Suspended/Revoked License = Aggravated DUI

Sometimes, we all have a bad day. It could be anything from waking up on the wrong side of the bed to getting pulled over on the way home from happy hour. The problem with the latter is that what started out as a bad day can quickly turn into a bad future. Ask anyone convicted of DUI and they will tell you that it has affected them long after the day they were arrested. In the unfortunate event that a person is also found to be driving with a suspended or revoked license, they will be charged with aggravated DWI. Driving on a public highway with a suspended or revoked license is considered a serious offense and a violation of the order of a court or administrative agency.

Revoked License Aggravated DUI

Short- And Long-Term Consequences

This “extreme DUI” carries with it severe penalties such as increased prison terms and expensive fines. It can also affect you long after your conviction and may prevent you from obtaining future employment, enrolling in school or applying for housing. This is why it’s so important to contact an experienced DUI defense attorney.

Defenses Against Susepended or Revoked License DUI

As a DUI defense lawyer will explain to you, there are several defenses both for a DUI and driving with a suspended or revoked license. First, the prosecution must prove beyond a reasonable doubt that you were guilty of both offenses in order to convict you of an aggravated DUI. This means they must present evidence. If your chemical test and/or field sobriety test results were not administered properly, any evidence the state may have collected against you may be suppressed in court.

Secondly, if your license suspension was restored at the time of your arrest but was not entered into the state’s records properly, your attorney can build you a solid defense. The same is true if your license was mistakenly suspended or revoked due to a person having a similar name as you. In the event that this has happened to you, your attorney will request a document with a statement from the state.

DUI License Suspension or License Restoration

There are two types of administrative hearings for DUI cases. There is the implied consent hearing, which occurs if you refused to take a chemical test, and the driver’s license restoration hearing.

The implied consent law says that if you are pulled over for a traffic stop, and properly arrested for drunk driving, then you must comply with the officer’s request to take a breath, blood, or urine test to determine your blood alcohol level. When you applied for your driver’s license, you automatically gave this consent. Refusing to take the test is a violation of this law. Keep in mind that this law does not apply to roadside or “PBT” testing for which there is simply a fine and no driver license sanctions and no points.

If you were recently arrested and charged after refusing to take the chemical test after your arrest, then you have 14 days from the date of your arrest to request a hearing. Failure to request a hearing within this time frame will result in a one or two year driver’s license suspension. During this suspension you will not be allowed any kind of driving unless restricted driving is allowed by a circuit court judge.

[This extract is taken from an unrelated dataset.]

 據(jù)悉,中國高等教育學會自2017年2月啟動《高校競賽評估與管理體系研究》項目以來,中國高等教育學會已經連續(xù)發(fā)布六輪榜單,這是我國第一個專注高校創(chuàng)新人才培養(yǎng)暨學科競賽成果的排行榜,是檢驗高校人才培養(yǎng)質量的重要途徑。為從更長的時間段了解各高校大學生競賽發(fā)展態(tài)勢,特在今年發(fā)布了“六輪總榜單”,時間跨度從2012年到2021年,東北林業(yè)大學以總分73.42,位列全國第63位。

It is in your best interest to consult with a lawyer before making any decisions about your administrative hearing. A DUI defense lawyer can explain the rules to you and ensure that you meet the deadline to request a hearing.

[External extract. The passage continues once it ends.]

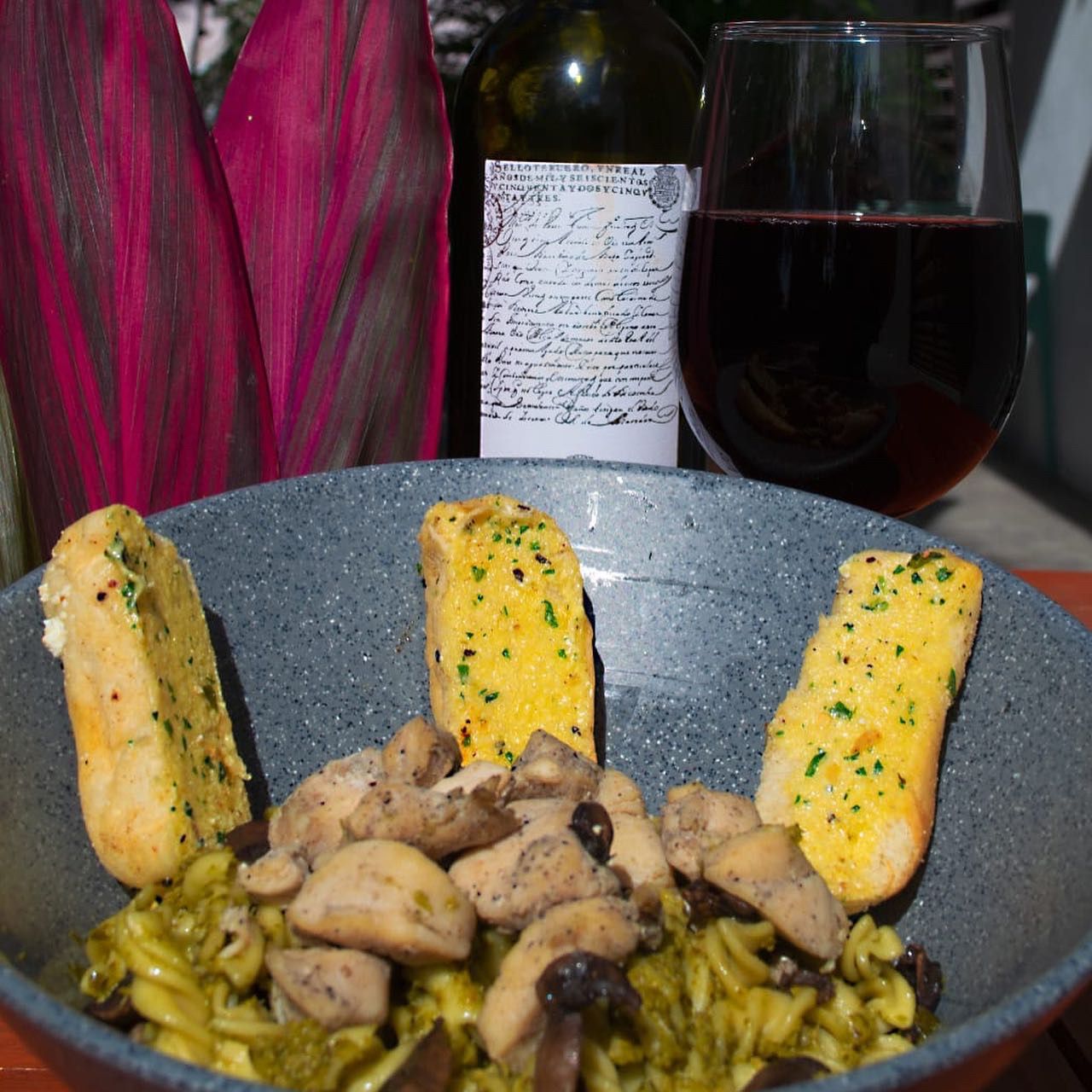Fusilli mezclado con salsa pesto, trozos de pollo, champiñones, parmesano, acompañado de pan bagette

If you have multiple DUI convictions on your record, you must request a hearing with the Secretary of State’s Driver Assessment and Appeal Division (DAAD) in order to have your driver’s license restored.

In a driver’s license restoration hearing, it is crucial that the rules are followed the first time because if you lose, you must wait one full year to request another hearing.

Unlike your DUI criminal case, where the burden of proof laid was on the prosecution, the burden of proof falls squarely on you during this hearing. The state begins the restoration hearing with the presumption that they will NOT restore your license. This is because Michigan has lifetime revocations for multiple offenders. After your minimum applicable revocation period, you have the right to request a hearing, but you do not have a right to get your license back.

There is necessary proof that you must supply at your restoration hearing. First, you must prove that your substance abuse problem is under control. Second, you must show that the probability of you drinking and driving again is low.

To prove these things, you must submit a persuasive substance abuse evaluation. You must show that you have abstained from alcohol and drugs for a minimum of six to twelve months. You must also have three to five letters of reference from friends, family, clergy, or other members of the community. Your sworn testimony and proof of participation in a support group, such as AA, will also be used as evidence on your behalf.

In order to win your case, you and your attorney must review your materials to ensure that there are no inconsistencies that might be used against you. The hearing officer will be combing over your case to discover even the smallest reason to deny your license restoration, so it is important to be totally prepared.

If you win the case, you will be required to have an ignition interlock device installed in your vehicle for up to one year. After this year, you will still have a restricted license for a year until your next hearing. If you win this hearing, you will be given full license restoration.